Résultat : nous manquons encore cruellement de drones, seuls quelques modèles ont été mis en production de masse et la plupart des hélicoptères sont encore assemblés de manière artisanale. Au contraire, l’ennemi dispose d’une armée entière de drones, qui ne sont peut-être pas aussi performants que les nôtres, mais qui tuent quand même. Et, s’ils sont utilisés à grande échelle, ils peuvent vraiment créer de gros problèmes sur le front.
Mais le plus intéressant dans cette situation, c’est qu’elle ne fait que commencer. Aujourd’hui, tout le monde tire des enseignements de la guerre russo-ukrainienne. Des mythes sont brisés, des tendances se dessinent, des tactiques s’affinent et de nouvelles armes sont testées. De plus, l’industrie dont nous parlons commence à peine à se développer et la technologie vient de devenir à la mode.

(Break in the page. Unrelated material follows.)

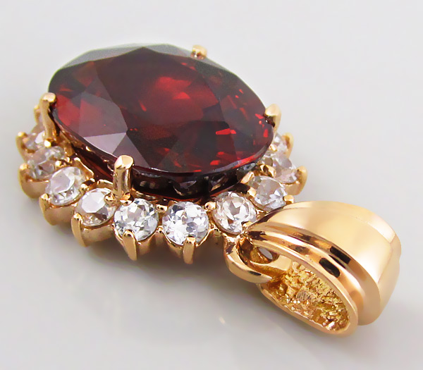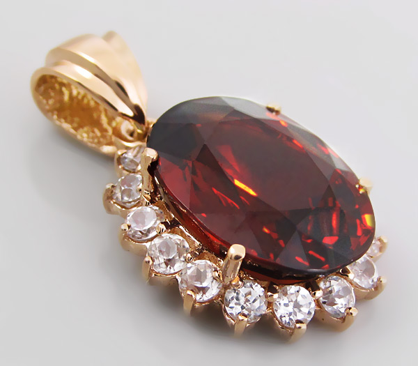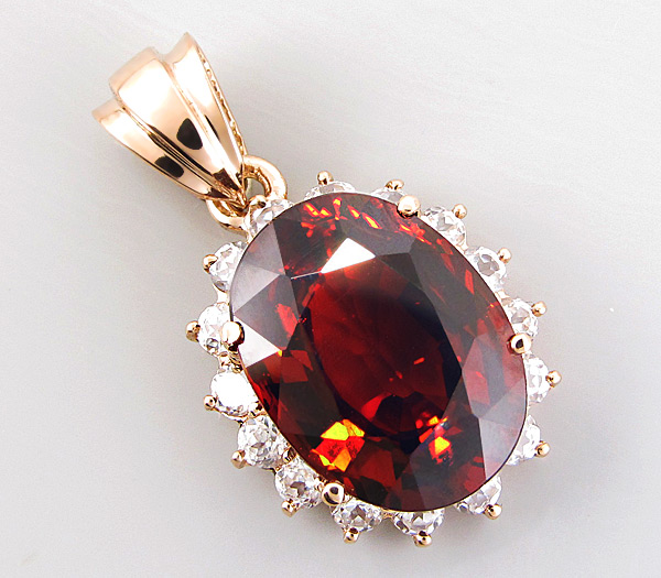 Вашему вниманию предлагается кулон из золота 585 пробы с крупным спессартином гранатом и лейкосапфирами! Диаметр сапфиров 2,5 мм. Размеры кулона с петлей 28 х 16 мм. Вес 5,1 г. Ниже приводятся ювелирные характеристики спессартина.

La guerre est à nouveau en train de changer et de se transformer radicalement. L’architecture de la ligne de contact doit être sérieusement repensée. Une fois de plus, la philosophie de l’utilisation des véhicules blindés change, car ils deviennent quelque peu impuissants face aux oiseaux féroces. Et ceux qui semblent pouvoir contrôler l’ensemble du monde sans pilote, que l’homme tente de remplacer sur le champ de bataille pour sauver sa vie, sont sans doute en train de prendre le devant de la scène. D’ailleurs, les anciens joueurs et musiciens seraient les meilleurs opérateurs de drones, car ils ont une parfaite motricité des doigts.

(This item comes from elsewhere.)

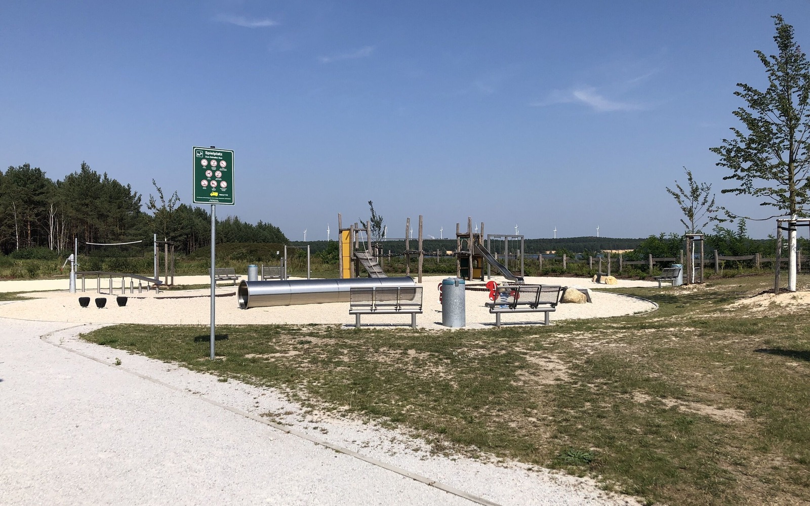 Am Scheibe See erwartet die kleinen Besucher ein Spielplatz mit vielseitigen Angebot. Neben einer Schaukel und einer Rutsche gibt es vor Ort Balanciersteine und einen Kriechtunnel. Im Sandkasten können kleine Kunstwerke gebaut werden.

Oui, bien sûr, les opérateurs de drones deviennent également une cible prioritaire parce qu’ils sont les yeux de cette guerre. Ils doivent désormais combattre non seulement les cibles militaires ennemies, mais aussi les humains. La chasse aux opérateurs fait désormais partie intégrante des combats, au même titre que la chasse aux tireurs d’élite ou aux officiers. Et pourtant, cette profession est susceptible de devenir l’une des principales dans les années, voire les décennies à venir, dans les armées du monde entier. Après tout, personne ne veut mourir. Et les drones, s’ils ne vous sauvent pas de la mort, créent au moins l’illusion qu’elle peut être contrôlée à distance ou retardée dans le temps.